James Risen is the New York Times reporter who, on several occasions, has materially harmed the United States with his reporting on top secret affairs. As Scott Johnson has written, “If you are a disgruntled intelligence officer or official and want to preserve your anonymity while undermining a top secret program or aiding the enemies of the United States, Risen is your go-to guy.” Scott went on to document this assertion:
We know of two valuable national security programs that Risen (writing with his colleague Eric Lichtblau) and the Times destroyed by their disclosure of them. One involved the NSA’s ability to intercept al-Qaeda related communications of terrorists operating abroad. . . .The second Risen story (also written with Lichtblau) that destroyed a valuable national security program disclosed our SWIFT terrorist finance tracking program.
You can find the relevant links in Scott’s post.

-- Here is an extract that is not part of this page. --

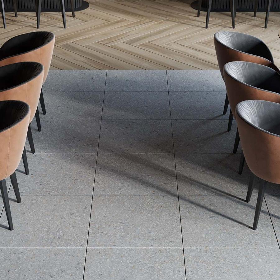 Коллекция Aglomerat отличается стильным дизайном, который подойдёт для различных помещений. Керамогранит в матовом исполнении имеет серый цвет, что позволяет использовать его для создания спокойных и гармоничных интерьеров.

We have urged that Risen be prosecuted. However, Eric Holder has said no journalist will go to jail on his watch. Mercifully, Holder’s “watch,” if you can call it that, is coming to an end. But President Obama has gone even further than Holder. He says that no reporter should be “at legal risk” for his or her work.
Risen currently is at “legal risk,” though. Jeffrey Sterling, just the kind of disgruntled intelligence officer Scott had in mind (the CIA fired Sterling years ago, as Risen sympathetically reported here), is on trial for his disclosure of yet another secret program, a CIA effort to undermine Iran’s nuclear program. Risen, not surprisingly, is a material witness. The government sought his testimony. Risen refused, asserting privilege.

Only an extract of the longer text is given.